With this in mind, I did the usual and counted the ticks until the school day would end.

57…58…59…

Riiinnng!

The bell spurred me into action, and I grabbed my notebook, heading for the door. Ms. Rubia said something about homework, but I didn’t bother to remember it. It wasn’t like I’d do it anyway.

The trip up the stairs to my locker was short, and after punching in my combination, I slung my bag over my shoulders and fumbled in my pockets for my car keys. There was a tap on my shoulder, accompanied by the sound of too heavy breathing. I knew immediately it was Ron; no one else I knew would get winded by walking up a flight of stairs.

“Andre, you going to Sarah’s tonight? ” the pudgy boy asked, slightly red in the face from his minor physical exertion.

“I have practice,” I replied out of reflex, walking down the hall with him.

“Come on. Yesterday, you couldn’t hang out because of the gym. Now, it’s practice. You need to get a social life. And did I mention it’s a college party? A college party.”

There was some truth to Ron’s words. I didn’t have a social life, not really. It was school, working out, and martial arts. I tried the whole partying thing, and it wasn’t for me. Normally, I would have brushed off Ron’s words, but there was a unique factor this time: Sarah Manely, the only other friend I had other than Ron. Well, sorta friend? I didn’t know. Despite our obvious discrepancies in social status, she had always been kind to me, even after she graduated and went to college. No idea why, but I appreciated it.

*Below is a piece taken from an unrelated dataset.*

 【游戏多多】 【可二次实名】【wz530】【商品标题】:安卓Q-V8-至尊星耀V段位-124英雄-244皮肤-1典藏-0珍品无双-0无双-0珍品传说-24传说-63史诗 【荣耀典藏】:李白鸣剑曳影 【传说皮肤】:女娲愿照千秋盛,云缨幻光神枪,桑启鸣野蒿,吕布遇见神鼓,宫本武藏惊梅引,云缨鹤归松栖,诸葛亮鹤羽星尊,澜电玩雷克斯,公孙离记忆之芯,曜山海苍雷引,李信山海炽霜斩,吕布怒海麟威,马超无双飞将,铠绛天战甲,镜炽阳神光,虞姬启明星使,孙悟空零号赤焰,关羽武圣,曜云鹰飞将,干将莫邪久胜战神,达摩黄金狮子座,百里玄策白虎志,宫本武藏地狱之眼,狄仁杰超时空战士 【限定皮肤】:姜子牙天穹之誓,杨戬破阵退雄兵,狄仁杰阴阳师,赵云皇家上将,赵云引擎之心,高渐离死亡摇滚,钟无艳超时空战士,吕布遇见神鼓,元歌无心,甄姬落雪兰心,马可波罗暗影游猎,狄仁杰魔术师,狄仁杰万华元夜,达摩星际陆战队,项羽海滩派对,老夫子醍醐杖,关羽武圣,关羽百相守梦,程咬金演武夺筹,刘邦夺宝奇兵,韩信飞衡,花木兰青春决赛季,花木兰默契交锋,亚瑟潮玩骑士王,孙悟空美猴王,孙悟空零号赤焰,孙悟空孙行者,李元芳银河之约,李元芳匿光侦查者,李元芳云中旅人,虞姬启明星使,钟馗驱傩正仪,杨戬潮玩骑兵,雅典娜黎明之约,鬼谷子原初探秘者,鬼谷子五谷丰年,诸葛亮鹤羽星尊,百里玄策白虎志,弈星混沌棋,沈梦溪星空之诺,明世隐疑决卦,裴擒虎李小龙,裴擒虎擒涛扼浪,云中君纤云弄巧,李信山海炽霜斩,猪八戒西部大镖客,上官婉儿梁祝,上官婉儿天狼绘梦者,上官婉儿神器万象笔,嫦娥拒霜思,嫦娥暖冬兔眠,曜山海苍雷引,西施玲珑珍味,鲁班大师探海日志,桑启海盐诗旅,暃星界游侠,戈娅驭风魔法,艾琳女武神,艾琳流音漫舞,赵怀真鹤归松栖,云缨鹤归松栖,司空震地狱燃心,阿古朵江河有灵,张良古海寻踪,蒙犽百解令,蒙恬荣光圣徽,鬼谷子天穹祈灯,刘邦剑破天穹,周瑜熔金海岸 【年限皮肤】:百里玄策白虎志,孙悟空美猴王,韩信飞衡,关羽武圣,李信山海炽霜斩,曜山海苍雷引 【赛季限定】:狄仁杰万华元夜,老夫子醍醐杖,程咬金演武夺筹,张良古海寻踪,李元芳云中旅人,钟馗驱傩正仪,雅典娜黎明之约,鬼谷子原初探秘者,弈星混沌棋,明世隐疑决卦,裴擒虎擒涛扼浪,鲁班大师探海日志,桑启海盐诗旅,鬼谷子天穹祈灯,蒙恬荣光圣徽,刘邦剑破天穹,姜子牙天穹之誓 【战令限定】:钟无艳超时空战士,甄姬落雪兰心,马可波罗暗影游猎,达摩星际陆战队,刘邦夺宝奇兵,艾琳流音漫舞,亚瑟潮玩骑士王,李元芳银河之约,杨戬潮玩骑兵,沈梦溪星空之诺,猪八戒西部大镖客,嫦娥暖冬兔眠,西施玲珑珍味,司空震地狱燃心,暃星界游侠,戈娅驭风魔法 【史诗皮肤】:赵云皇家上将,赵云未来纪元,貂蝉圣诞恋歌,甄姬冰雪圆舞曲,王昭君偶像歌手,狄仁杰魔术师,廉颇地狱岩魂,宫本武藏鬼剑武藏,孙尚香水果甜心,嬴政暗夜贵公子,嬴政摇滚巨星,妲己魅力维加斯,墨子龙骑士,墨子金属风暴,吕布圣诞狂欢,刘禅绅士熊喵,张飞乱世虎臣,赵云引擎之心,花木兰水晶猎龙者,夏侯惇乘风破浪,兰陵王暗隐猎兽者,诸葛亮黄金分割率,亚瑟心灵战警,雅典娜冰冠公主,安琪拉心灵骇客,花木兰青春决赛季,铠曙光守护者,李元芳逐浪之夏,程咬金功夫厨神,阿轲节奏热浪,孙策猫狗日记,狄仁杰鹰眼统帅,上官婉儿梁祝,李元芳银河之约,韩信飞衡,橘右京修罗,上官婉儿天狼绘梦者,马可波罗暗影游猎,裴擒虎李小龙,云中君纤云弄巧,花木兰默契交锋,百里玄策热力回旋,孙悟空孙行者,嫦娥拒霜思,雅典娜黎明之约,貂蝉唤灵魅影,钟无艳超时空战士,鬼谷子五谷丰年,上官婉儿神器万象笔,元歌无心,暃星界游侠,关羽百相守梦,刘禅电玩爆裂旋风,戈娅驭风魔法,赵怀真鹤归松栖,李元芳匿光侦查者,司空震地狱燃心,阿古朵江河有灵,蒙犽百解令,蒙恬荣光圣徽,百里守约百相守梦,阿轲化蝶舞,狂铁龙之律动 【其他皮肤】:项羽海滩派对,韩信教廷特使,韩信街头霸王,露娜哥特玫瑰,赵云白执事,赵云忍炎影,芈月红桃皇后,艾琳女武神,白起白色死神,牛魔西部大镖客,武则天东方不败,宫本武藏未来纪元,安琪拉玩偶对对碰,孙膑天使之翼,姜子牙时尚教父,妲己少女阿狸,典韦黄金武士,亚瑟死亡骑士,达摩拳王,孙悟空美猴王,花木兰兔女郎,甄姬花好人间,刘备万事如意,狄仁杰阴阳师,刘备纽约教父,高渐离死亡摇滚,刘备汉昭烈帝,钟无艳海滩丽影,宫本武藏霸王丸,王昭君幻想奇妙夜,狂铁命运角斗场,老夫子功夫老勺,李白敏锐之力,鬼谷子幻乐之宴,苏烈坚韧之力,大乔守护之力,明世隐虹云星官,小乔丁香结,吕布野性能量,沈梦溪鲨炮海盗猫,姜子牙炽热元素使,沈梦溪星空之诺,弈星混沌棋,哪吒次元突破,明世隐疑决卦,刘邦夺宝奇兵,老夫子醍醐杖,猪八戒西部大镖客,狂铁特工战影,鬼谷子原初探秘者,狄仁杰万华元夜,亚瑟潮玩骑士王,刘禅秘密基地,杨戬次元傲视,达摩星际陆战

I relented, “Fine, I’ll go. I’ll be late though, so don’t expect a ride there.”

Ron scratched his head self-consciously, ashamed that his plan was revealed, “Okay, that’s fine. I’ll get my parents to take me.”

“Seriously, dude, you need to get your license. You’re a senior in high school, everybody has one. And tell your mom I’ll take you home, save them some gas.”

Ron’s face became red as he followed me into the stairway, “You know that my parents won’t let me take the test. They’re too protective.”

I snorted, “In a few years, you’ll love that you have that problem. I sure wish I did.” The last part was a little too depressing, so I cut our conversation short and focused on walking down the stairs.

That was when I saw it: two kids in my class were cornering a freshman threateningly. The freshman was at least half the size of his soon to be attackers.

I sighed. This happened way too often. Whatever genius had designed my school forgot to put cameras in the stairways. This made it prime real-estate to fuck with some poor soul without getting in trouble. I didn’t know what exactly had started the disagreement, but I didn’t particularly care; there was something about taking advantage of someone weaker that made me furious.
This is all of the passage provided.